On December 27, 2002, Keith Bradsher of the
New York Times
issued a worshipful résumé of Naidu’s assets and achievements, selecting for particular mention the asset that Bradsher deemed vital to Naidu’s political grip on Andhra Pradesh. “Naidu and his allies,” Bradsher breathlessly confided to the NYT’s readers, “speak Telugu, a language spoken only in this state and by a few people in two adjacent states.” What Bradsher was saying was that Naidu spoke the same language as the other seventy million inhabitants of Andhra Pradesh. It was as though someone ascribed Tony Blair’s political successes in the United Kingdom to his command of English.
Apart from Naidu’s wondrous fluency in his native tongue, Bradsher fixed upon other achievements likely to excite an American business readership: “Mr.
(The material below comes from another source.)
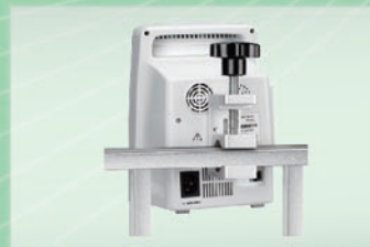
Bed Rail Clamp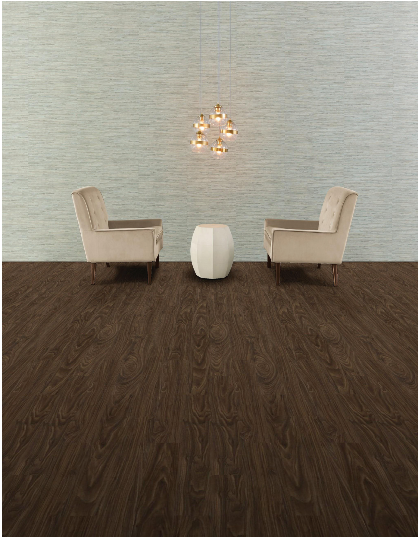
STRATUM 500 (023UV) IN TARGHEE WALNUT (00503)

Naidu,” he excitedly confides, “has succeeded in raising electricity prices here by 70 percent” and “has enacted a law requiring union leaders to be workers from the factory or office they represent … Andhra Pradesh has also relaxed some of the restrictions on laying off workers.”
In the spring of 2004 the Naidu balloon exploded with a gigantic thunderclap. The Indian poor entered his field of vision decisively, even as they shattered the expectations of almost every national political pundit. Rarely has a poster-boy been more humiliatingly
peeled from the billboards and tossed in the gutter. Naidu’s elected coalition plummeted from 202 seats to a quarter of that number.
The verdict, from the landless poor to farmers to rural women to the denizens of Cyberabad, was well-nigh unanimous: the Naidu model had been a disaster for Andhra Pradesh, as statistics had been inexorably recording even during his glory years. Economic growth was abysmal and other vital statistics equally wretched. The 5,000 suicides remain the prime epitaph for a politician hailed in the West more than any other Indian as the harbinger of neoliberal triumph. Only the Argentinean collapse was as brutal a rebuff to elite opinion.